"Mourir d’aimer", du fait divers au film

"Mourir d’aimer", du fait divers au film

19 janvier 2021
Cinéma
Mourir d'Aimer d'André Cayatt
"Mourir d'Aimer" d'André Cayatte Franco-London Films - Cobra Film - LCJ Editions & Productions - Compagnie Commerciale Française Cinématographique (CCFC) - Splendor Films
En 1971, André Cayatte s’emparait d’un fait divers tragique qui avait divisé la France – le suicide de Gabrielle Russier, professeure jugée pour détournement de mineur – et réalisait l’un de ses films les plus marquants. Retour sur la genèse de Mourir d’aimer, alors que l’on commémore ses 50 ans, en ce mois de janvier 2021.

Tout commence par un fait divers qui fait pendant plusieurs mois la une des journaux, divisant la France avant de se terminer en tragédie. Une histoire d’amour interdite entre Gabrielle Russier, une professeure agrégée de lettres de 32 ans et l’un de ses élèves, Christian Rossi, alors âgé de 17 ans. Mère de famille célibataire, Gabrielle Russier s’est révélée la cible des mouvements les plus réactionnaires d’une France post-Mai 68 pas encore totalement décorsetée. C’est plus précisément le 15 octobre 1968 que tout s’accélère quand les parents de Christian lui ayant, en vain, demandé de rompre, saisissent le juge pour enfants avant de porter plainte pour détournement de mineur.

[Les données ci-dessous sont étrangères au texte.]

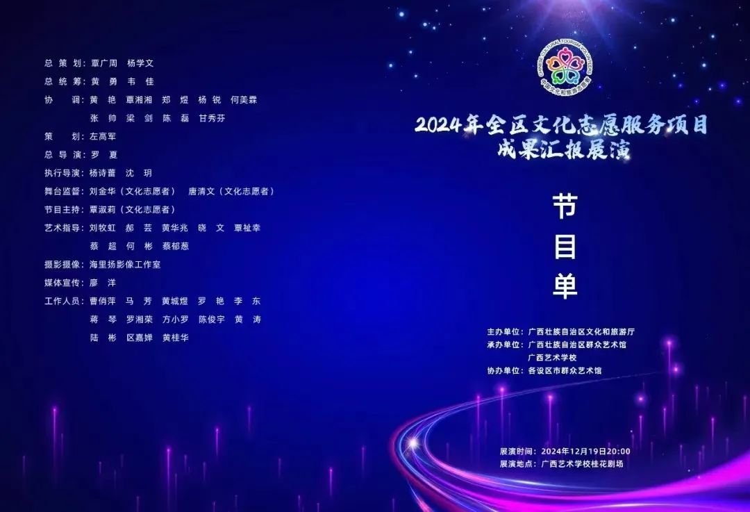 为深入学习贯彻落实党的二十届三中全会精神、学习贯彻领会习近平文化思想、推动全区文化和旅游志愿服务向制度化、规范化、常态化方向发展,提升全区文化和旅游志愿服务的整体效能和质量,12月18日,由广西壮族自治区文化和旅游厅主办、广西群众艺术馆、广西艺术学校承办的2024年全区文化志愿服务队成果展示活动在南宁市隆重举行,我馆组织节目《又一次起航》参与其中。
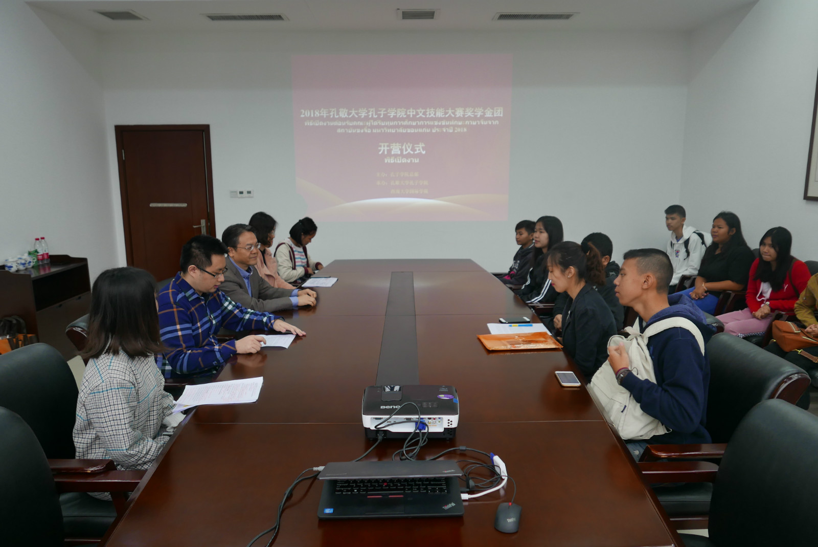 2018年10月16日上午9点30分,2018年孔敬大学孔子公司中文技能大赛奖学金团开营仪式在公司紫云楼304室举行,suncitygroup太阳集团刘猛书记、孔敬大学孔子公司丁了了、教务办张楠、招生办黄无为以及22名泰国中员工参加仪式。
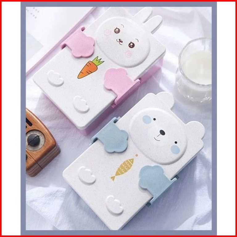 Kotak Bekal Makan Anak Tempat Makan Anak 2 Sekat Lunch Box Imut Bear Rabbit Motif Kelinci Beruang Chocho 88 Shop
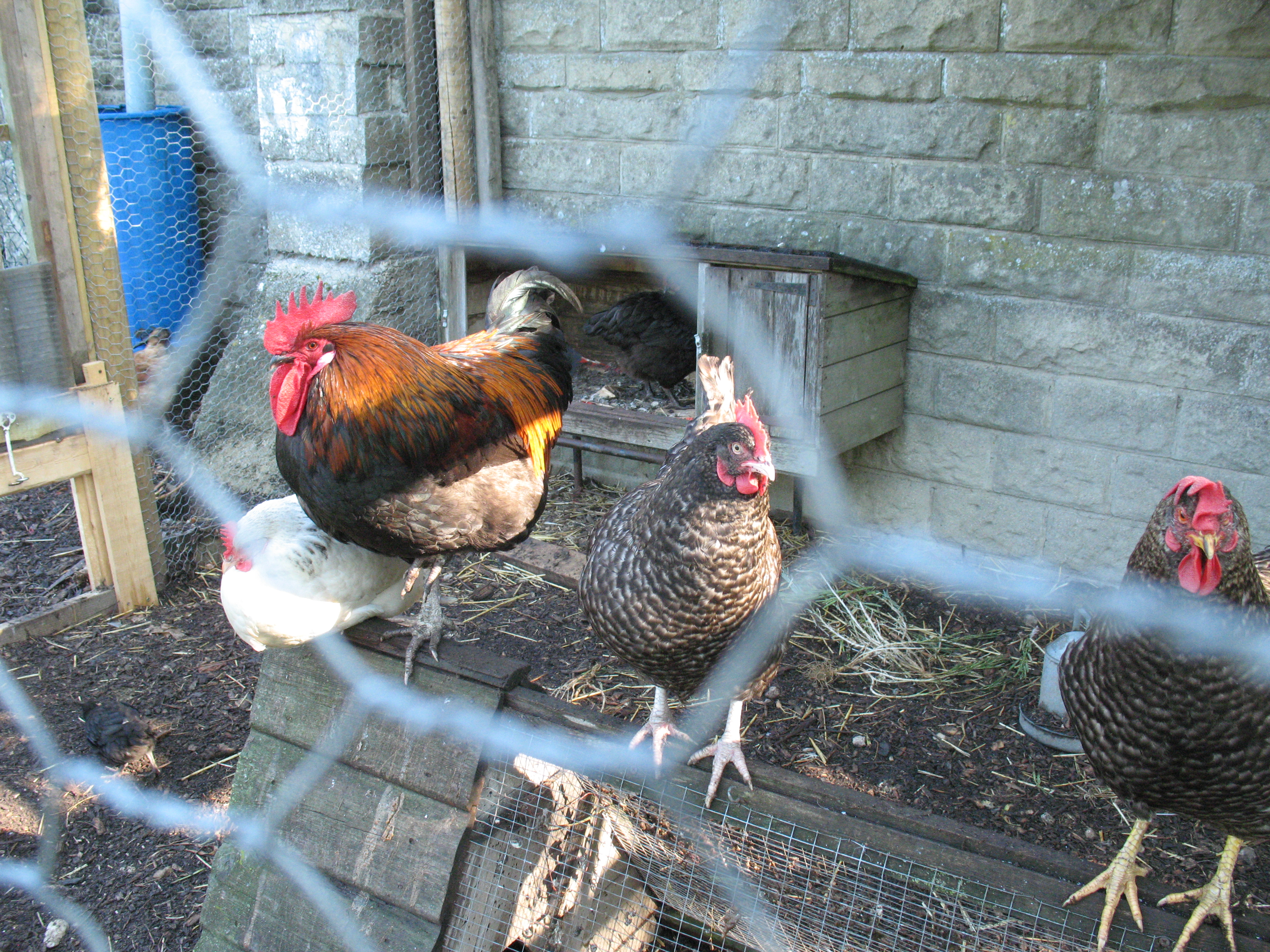 We set off after lunch on Friday with Tessa and Tash in the back of the car, A. driving to allow sufficient foot room for our passengers, and after tedium on the M25 and a brisker trip down the M4 drove through one of those anonymous out-of-town business parks that think they are doing the environment a favour by having ponds with fountains outside; turned into an expanse of what A. calls ‘bungaloid growth’ then, very slowly, down a short drive which was well peppered with chickens.
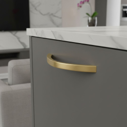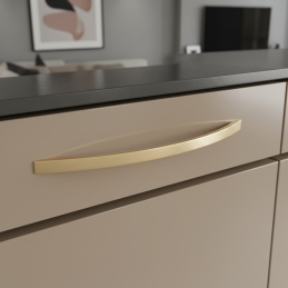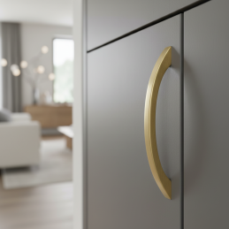Elegáns és időtlen EMILIO fogantyú csiszolt arany kivitelben, amely tökéletes kiegészítője a modern és klasszikus bútoroknak egyaránt. Finoman ívelt formája luxus hatást kelt, ugyanakkor ergonomikus – kényelmesen használható, és stílusos hangsúlyt ad a bútornak.

Emprisonnée durant huit semaines à la prison des Baumettes, Gabrielle refuse de dire où se trouve Christian qui a fugué et qu’elle allait rejoindre quand elle a été arrêtée. Le procès a lieu au mois de juillet 1969. Gabrielle Russier est condamnée à douze mois de prison avec sursis et 500 francs d’amende. Une peine que l’amnistie qui fait suite à l’élection de Georges Pompidou à la présidence de la République va pouvoir effacer. L’enseignante pense alors pouvoir reprendre une vie « normale ». Sauf que l’Académie d’Aix-en-Provence dont elle dépend ne l’entend pas ainsi. Elle pousse le parquet à faire appel et lui refuse le poste d’assistante de linguistique pour lequel elle postulait. Cet acharnement mine profondément la jeune femme. Elle fait une première tentative de suicide en août 1969 et, alors même que son père engage le ténor du barreau Albert Naud (qui fut notamment l’avocat de Louis-Ferdinand Céline de 1947 à 1951) pour le procès en appel prévu pour le mois d’octobre, elle ouvre le gaz dans son appartement et se donne la mort le 1er septembre 1969.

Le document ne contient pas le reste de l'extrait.